Our canoe sat, propped off the ground on a 2 by 4 frame until summertime. Occasionally, we hauled it to a nearby lake, paddled it about, and then returned it to its home at the back fence.
Wherever I looked, the canoe and kayak "focals" were always catching my eye.
I enjoy the view from our upstairs bathroom window. Every day I check the weather outside and note any floral progress in the garden. That upended canoe was not a very attractive focal point. I had planted hostas, bleeding hearts and Spanish bluebells in front of the canoe, but that aluminum behemoth rose above the greenery.
I was just getting used to it, when the situation worsened. We acquired a BRIGHT yellow 14.5-foot kayak. Yep. The upended yellow kayak resides above the canoe.
Our kayak and canoe "living out in the open". A small fruiting cherry tree is establishing itself on the left.
From every angle, these watercraft were an eyesore.
What to do? Cover them with a blue tarp? Or a silver tarp? Or devise something permanent because these watercraft were staying a while?
Because our grape arbor looked attractive, it presented me with a design precedent.
I didn't seek wifely approval this time. I instantly knew what would look good. I hurriedly sketched my plan and made another trip to The Home Depot. I purchased two additional pressure-treated 4 by 6 posts, poured concrete footings and plumbed my two new posts. I built the screen of closely spaced 1 by 2's and (with help because of all the weight of the wood) mounted it to the front face of the posts. I could not find upper beams long enough, so I used metal splicing plates and dozens of nails to assemble beams to suit my need. The new upper beams matched those of the grape arbor in style and provide support for hanging planters.
The new screen is quite effective in disguising the watercraft.
The watercraft screen from another viewpoint.

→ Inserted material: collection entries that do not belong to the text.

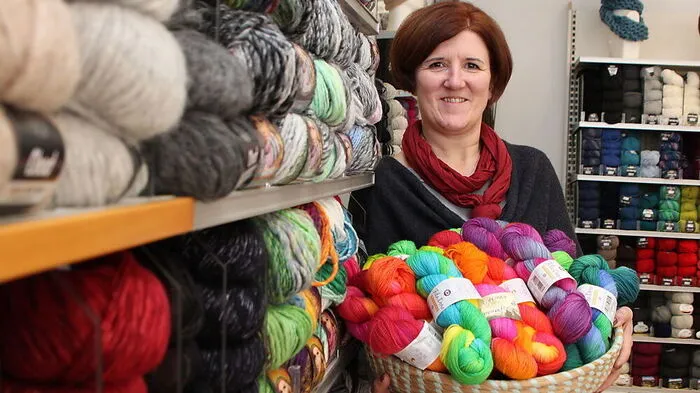 Elisabeth Münzer-Kueß ist mit ihrem Geschäft in die Münzgasse in Völkermarkt umgezogen. Sie strickt auch Hauben, Ponchos und Schals nach Wunsch.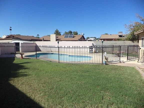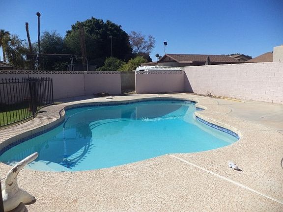 Great family home for lots of different activities. 3 bedrooms, family room/kitchen, AZ/exercise room, hobby room , beautiful, separately fenced pool, good sized yard. Laminate flooring in 3 bedrooms. Enter through large, private covered patio. Pool has "barracuda" cleaning system.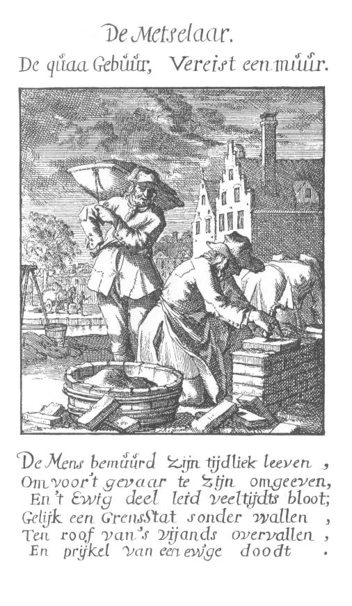 Metselaar. Etching by Jan and Caspar Luyken, circa 1690. Image credit: Geneaknowhow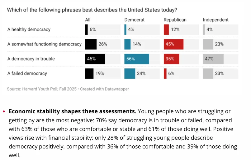 The project he led—the Harvard Youth Poll—surveyed more than 2,000 Americans aged 18 to 29 about trust, politics, and artificial intelligence. When asked whether they considered the United States a healthy democracy, respondents' answers showed clear partisan divisions, but concerns were evident.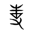 ,所持乃獵叉之省形。金文承前例,上體伸出。戰國文字之形承自金文,上體末端左折,中路叉體增一橫畫。篆文之形承自金文;古文上體與「又」分開,中路叉體變作「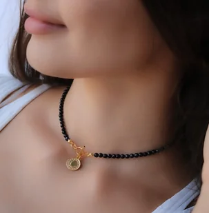 Choker naszyjnik onyksy moneta srebro 925 pozłacane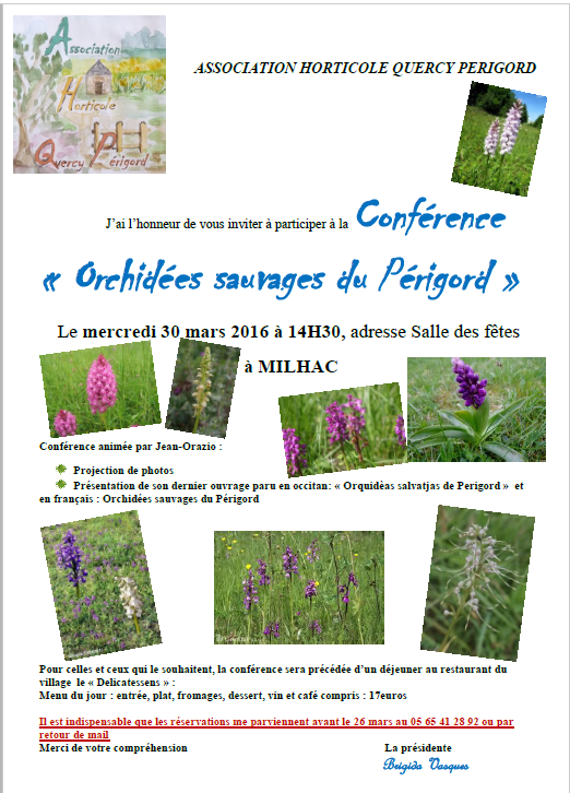 Le printemps semble s’installer aussi bientôt verrons-nous, au cours de nos promenades et randonnées, les talus, prairies et champs parsemés d’orchidées de toutes couleurs et variétés. C’est chaque année, un bonheur renouvelé que nous devons absolument préserver. Le 30 mars, L’Association Horticole Quercy Périgord recevra Monsieur Jean Orazio qui animera une conférence d’une projection de photos: « Les orchidées sauvages du Périgord » titre également de son dernier livre qu’il présentera durant cette réunion.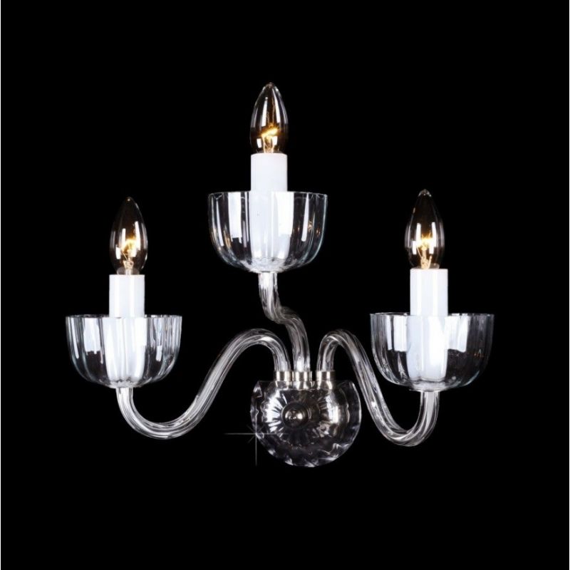 Aplica de perete eleganta cu brate din sticla. Componentele din cristal și sticlă și piesele metalice fine în finisaj auriu sau argintiu fac o combinație uimitoare. Lumina lustrei de cristal, combinată în special cu alte candelabre de cristal, este potrivită pentru orice interior, modern sau tradițional.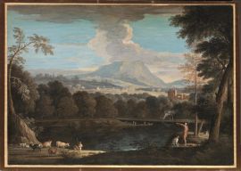 PAESAGGIO FLUVIALE CON CONTADINI E ARMENTI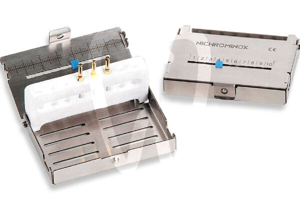 30 days return guaranteeFor 8 instruments. For use in ultrasonic baths. With silicone indicator to count the number of sterilisation cycles. The Nichrominox Endo Pro Sterimeter combines the advantages of an endodontic instrument holder with those of a sterilisation cassette. Specially designed for storing nickel-titanium instruments; forms an endo cassette when closed. The inner Teflon™ holder holds files vertically when opened. After use, files are returned to their holes. 100% stainless steel and Teflon™; suitable for any type of decontamination and sterilisation process. In addition to a graduated scale for measuring lengths, Endo Pro also has a sterimeter – a numbered slot with a silicone marker to count and display the number of instrument sterilisation cycles.

I made a pair of wood plant carriers to match the screening and hung them with lightweight dog chains. The screen lies in near-total shade, so I plant primroses, fuschias, and impatiens in the plant carrier baskets.
I hardly notice the canoe and kayak at all these days. I'll soon plant climbing hydrangeas to train up the posts, which will help soften the architecture of the screen and, when established, will add a new vertical dimension to the existing greenery.